On a Saturday afternoon in January in the pouring rain, recycler Maxine Malberg maneuvered a carton bungeed to an old luggage carrier up and down the chilly streets of Albany. It was filled not with cans and bottles scrounged from people's blue bins, but with dead batteries and fluorescent lightbulbs. Pounds and pounds of them, the used-up power for toys, consumer electronics, and kitchen gadgets. So why was she humping a hundred pounds of toxic waste down the street in the rain? Malberg has made it her personal mission to get every scrap of recyclable material out of the six square blocks bounded by Thousand Oaks Boulevard and San Carlos, Santa Fe, and Solano avenues.

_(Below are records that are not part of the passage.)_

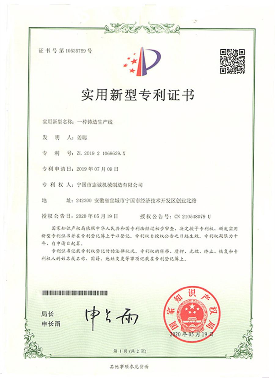 寧國市志誠機械制造有限公司位于安徽省寧國經濟技術開發區創業北路,成立于2008年5月,占地50000平米,是一家集鑄造自動化設備、熱處理自動化設備、鑄造模具研發、制造于一體的民營科技企業。2009年公司加入中國鑄造協會耐磨鑄件分會,被耐磨鑄件分會指定為“耐磨鑄件生產設備研發基地”。公司專業從事鐵模覆砂自動化鑄造生產線、熱處理自動化生產線、澆注機、鑄造模具、環保除塵及煙氣凈化設備的研發、生產與銷售.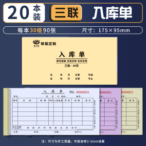 厚さ100ページの20冊、倉庫発送伝票、倉庫受入伝票、2連、3連、4連倉庫作業場受領伝票、新スタイル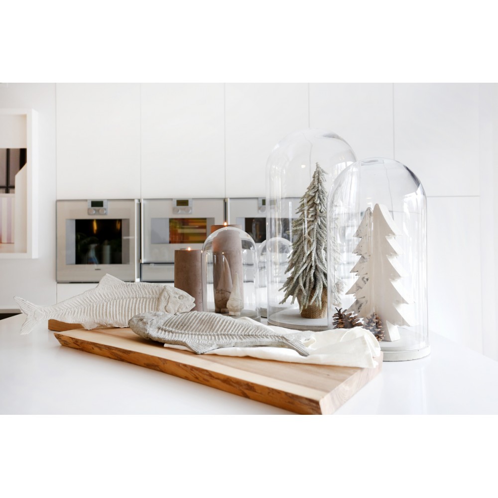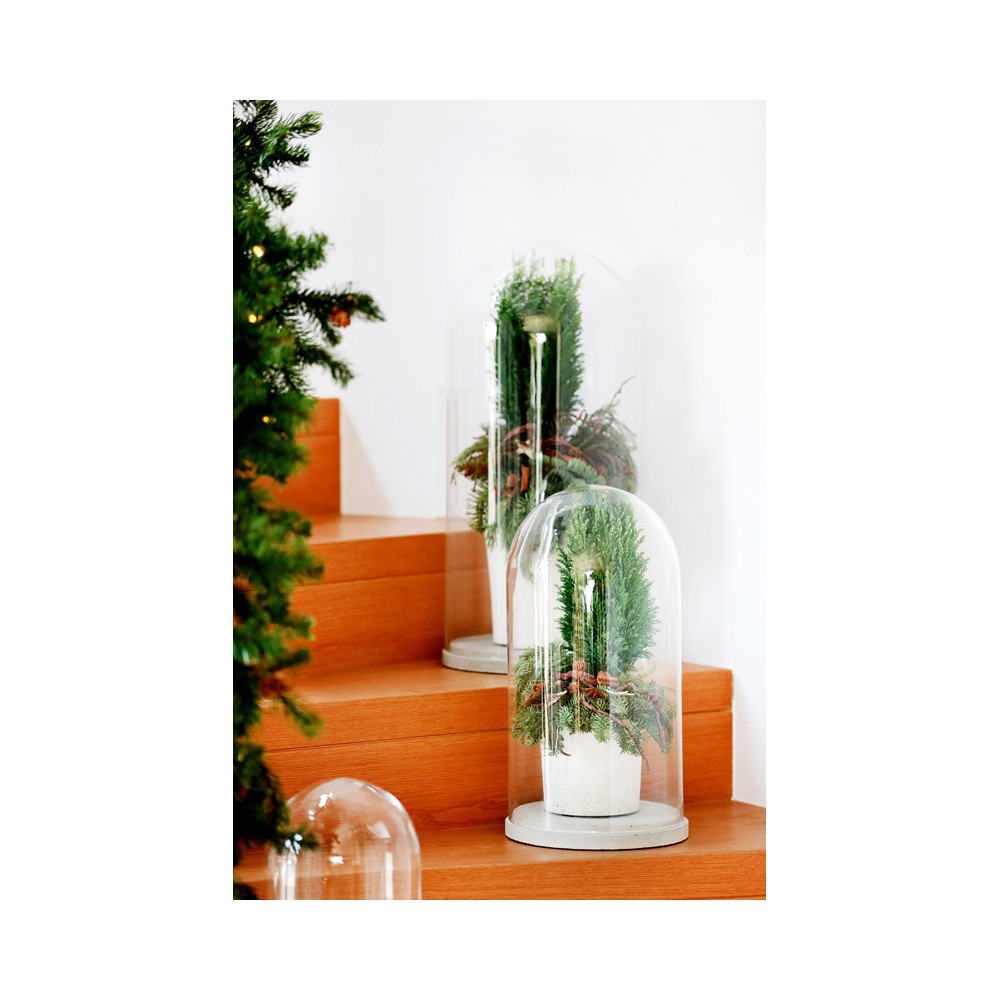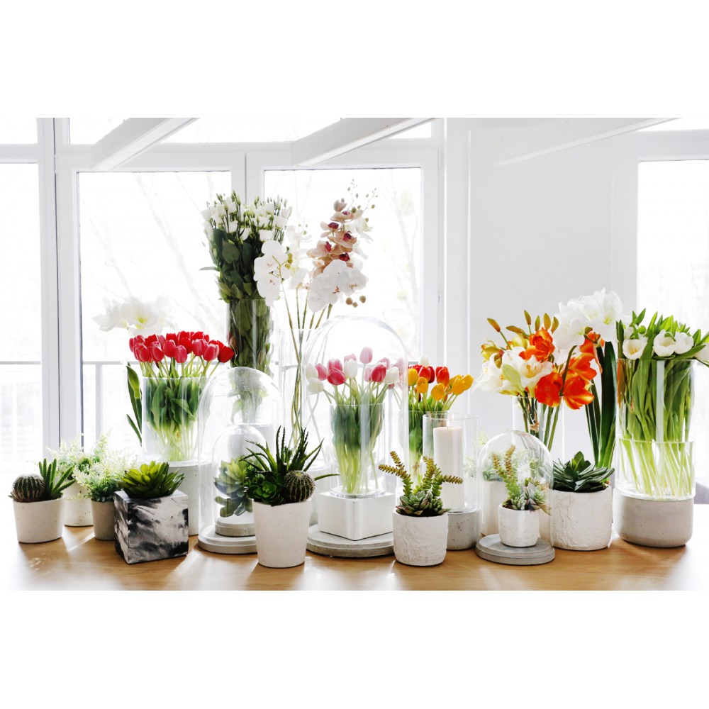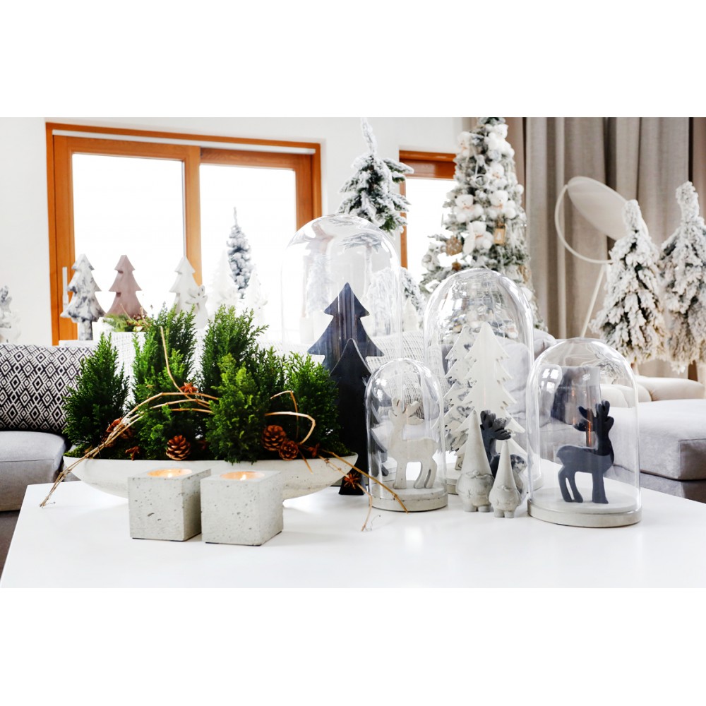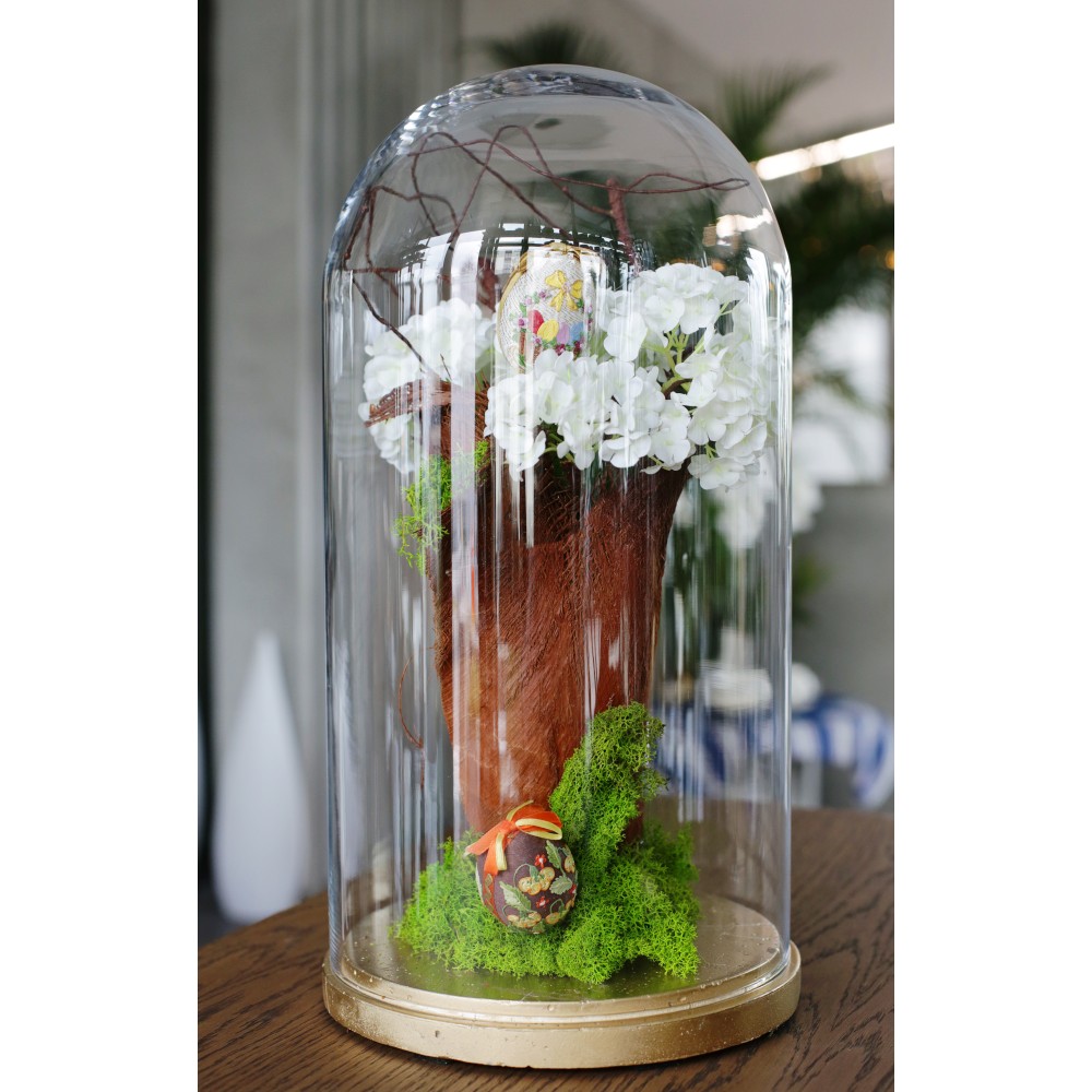 Szklany klosz to bardzo ciekawy element dekoracyjny, który idealnie sprawdzi się do wyeksponowania zarówno sztucznych, jak i żywych roślin. Z kolei dzięki wykorzystaniu podstawy z betonu architektonicznego z powodzeniem można go również wykorzystać w formie tacy, która posłuży nam do serwowania owoców lub słodkości.

Malberg isn't your typical scavenger, nor does she look like one. With her glossy auburn curls, rosy complexion, and perfect teeth, she looks like what she is, a successful real estate agent with an office in Berkeley's Gourmet Ghetto. She selected this neighborhood as her personal project because it was a pleasant place to make her rounds and contained a manageable number of houses between her office and her home in Pinole. Then she used the skills she developed selling real estate to market her free service.
First, using a database of addresses, she sent out a letter explaining that she planned to be in the neighborhood in a couple of weeks to collect used batteries. One week before collection day, she followed up with a reminder suggesting that people leave their batteries on the porch if they weren't going to be home. Somebody asked if she would also take fluorescent bulbs, so she added those to her list. Even small, screw-in fluorescents are supposed to go to the toxic waste facility, although people commonly throw burnt-out bulbs into the trash.
Malberg is a fanatical recycler and a dedicated volunteer. "It really started with my father," she said. "One big lesson from him was never to litter. If I did, he'd make me pick it up." She said she spends time thinking about how to give something back to the community. "I make it a point to do things outside of real estate that bring me nourishment in a different way," she said. For instance, she works with a kindergarten class once a week and visits a Pinole senior center.
She knew that curbside recycling takes care of only a tiny part of the potentially useful stuff that either collects dust in garages or ends up in the landfill. Getting the rest of it to where it will do the most good requires creativity, dedication, and perspiration. "One of the reasons people might not recycle many things is because it's an inconvenience," Malberg said. Her goal is to take away that barrier for at least this slice of the community.
Trudging through yupscale Albany with her cart, knocking on strangers' doors, Malberg did feel a little weird at first. "I felt like a homeless person," she said. "I've never put myself in that position before — but it was all good. A learning experience." She wore a floor-length hooded raincoat and jogging shoes, but she also carried her Realtor's ID badge to reassure the wary.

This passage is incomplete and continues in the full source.